- _Work required_
Would you please transcribe the records below exactly, leaving out the pictures?

- _Supplied data_
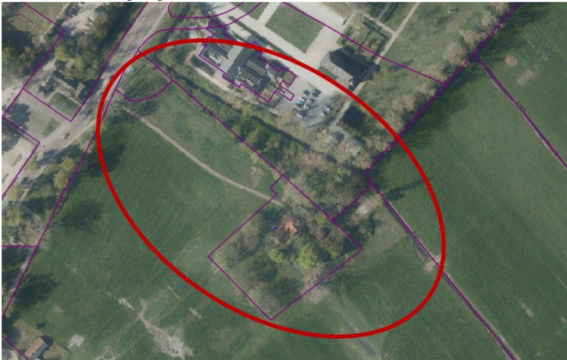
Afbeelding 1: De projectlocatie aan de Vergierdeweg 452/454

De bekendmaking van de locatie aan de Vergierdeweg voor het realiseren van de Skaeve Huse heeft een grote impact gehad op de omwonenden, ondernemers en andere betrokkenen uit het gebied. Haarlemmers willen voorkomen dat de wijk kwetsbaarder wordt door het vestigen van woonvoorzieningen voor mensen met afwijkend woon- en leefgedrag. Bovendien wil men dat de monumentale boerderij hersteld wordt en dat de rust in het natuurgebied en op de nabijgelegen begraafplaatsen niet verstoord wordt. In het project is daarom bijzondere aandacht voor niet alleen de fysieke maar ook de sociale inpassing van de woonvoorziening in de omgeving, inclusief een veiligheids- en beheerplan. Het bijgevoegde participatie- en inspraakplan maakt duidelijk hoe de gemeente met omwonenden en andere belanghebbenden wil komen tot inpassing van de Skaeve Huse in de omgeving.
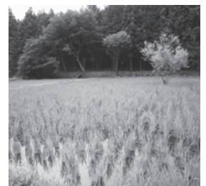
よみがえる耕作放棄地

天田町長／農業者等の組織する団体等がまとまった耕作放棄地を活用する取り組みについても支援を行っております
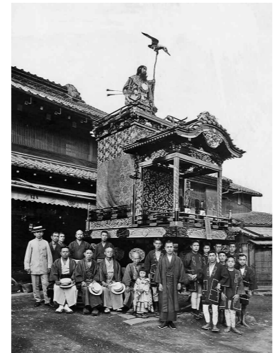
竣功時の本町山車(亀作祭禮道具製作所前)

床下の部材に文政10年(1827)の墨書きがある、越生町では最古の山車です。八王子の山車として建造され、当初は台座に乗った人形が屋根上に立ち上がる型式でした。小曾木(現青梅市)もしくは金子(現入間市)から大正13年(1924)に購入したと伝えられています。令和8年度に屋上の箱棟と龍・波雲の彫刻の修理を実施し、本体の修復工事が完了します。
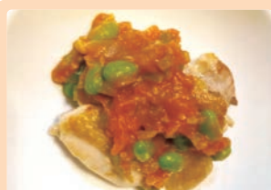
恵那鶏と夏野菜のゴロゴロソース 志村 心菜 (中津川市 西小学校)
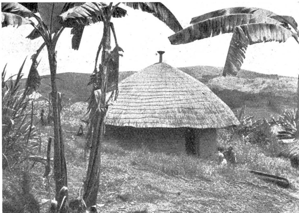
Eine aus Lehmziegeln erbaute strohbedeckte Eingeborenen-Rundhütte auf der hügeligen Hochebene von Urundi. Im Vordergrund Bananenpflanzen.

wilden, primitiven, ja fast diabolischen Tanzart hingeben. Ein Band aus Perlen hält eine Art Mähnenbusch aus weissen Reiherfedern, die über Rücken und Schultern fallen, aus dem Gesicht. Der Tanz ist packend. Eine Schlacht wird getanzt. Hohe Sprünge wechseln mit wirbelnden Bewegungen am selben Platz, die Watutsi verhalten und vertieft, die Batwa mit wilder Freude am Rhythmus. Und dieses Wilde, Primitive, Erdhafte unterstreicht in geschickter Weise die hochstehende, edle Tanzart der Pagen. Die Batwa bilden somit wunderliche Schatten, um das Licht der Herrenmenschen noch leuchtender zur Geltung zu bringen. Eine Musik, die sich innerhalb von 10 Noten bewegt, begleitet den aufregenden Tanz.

- _Expected answer_
Afbeelding 1: De projectlocatie aan de Vergierdeweg 452/454

De bekendmaking van de locatie aan de Vergierdeweg voor het realiseren van de Skaeve Huse heeft een grote impact gehad op de omwonenden, ondernemers en andere betrokkenen uit het gebied. Haarlemmers willen voorkomen dat de wijk kwetsbaarder wordt door het vestigen van woonvoorzieningen voor mensen met afwijkend woon- en leefgedrag. Bovendien wil men dat de monumentale boerderij hersteld wordt en dat de rust in het natuurgebied en op de nabijgelegen begraafplaatsen niet verstoord wordt. In het project is daarom bijzondere aandacht voor niet alleen de fysieke maar ook de sociale inpassing van de woonvoorziening in de omgeving, inclusief een veiligheids- en beheerplan. Het bijgevoegde participatie- en inspraakplan maakt duidelijk hoe de gemeente met omwonenden en andere belanghebbenden wil komen tot inpassing van de Skaeve Huse in de omgeving.
よみがえる耕作放棄地

天田町長／農業者等の組織する団体等がまとまった耕作放棄地を活用する取り組みについても支援を行っております
竣功時の本町山車(亀作祭禮道具製作所前)

床下の部材に文政10年(1827)の墨書きがある、越生町では最古の山車です。八王子の山車として建造され、当初は台座に乗った人形が屋根上に立ち上がる型式でした。小曾木(現青梅市)もしくは金子(現入間市)から大正13年(1924)に購入したと伝えられています。令和8年度に屋上の箱棟と龍・波雲の彫刻の修理を実施し、本体の修復工事が完了します。
恵那鶏と夏野菜のゴロゴロソース 志村 心菜 (中津川市 西小学校)
Eine aus Lehmziegeln erbaute strohbedeckte Eingeborenen-Rundhütte auf der hügeligen Hochebene von Urundi. Im Vordergrund Bananenpflanzen.

wilden, primitiven, ja fast diabolischen Tanzart hingeben. Ein Band aus Perlen hält eine Art Mähnenbusch aus weissen Reiherfedern, die über Rücken und Schultern fallen, aus dem Gesicht. Der Tanz ist packend. Eine Schlacht wird getanzt. Hohe Sprünge wechseln mit wirbelnden Bewegungen am selben Platz, die Watutsi verhalten und vertieft, die Batwa mit wilder Freude am Rhythmus. Und dieses Wilde, Primitive, Erdhafte unterstreicht in geschickter Weise die hochstehende, edle Tanzart der Pagen. Die Batwa bilden somit wunderliche Schatten, um das Licht der Herrenmenschen noch leuchtender zur Geltung zu bringen. Eine Musik, die sich innerhalb von 10 Noten bewegt, begleitet den aufregenden Tanz.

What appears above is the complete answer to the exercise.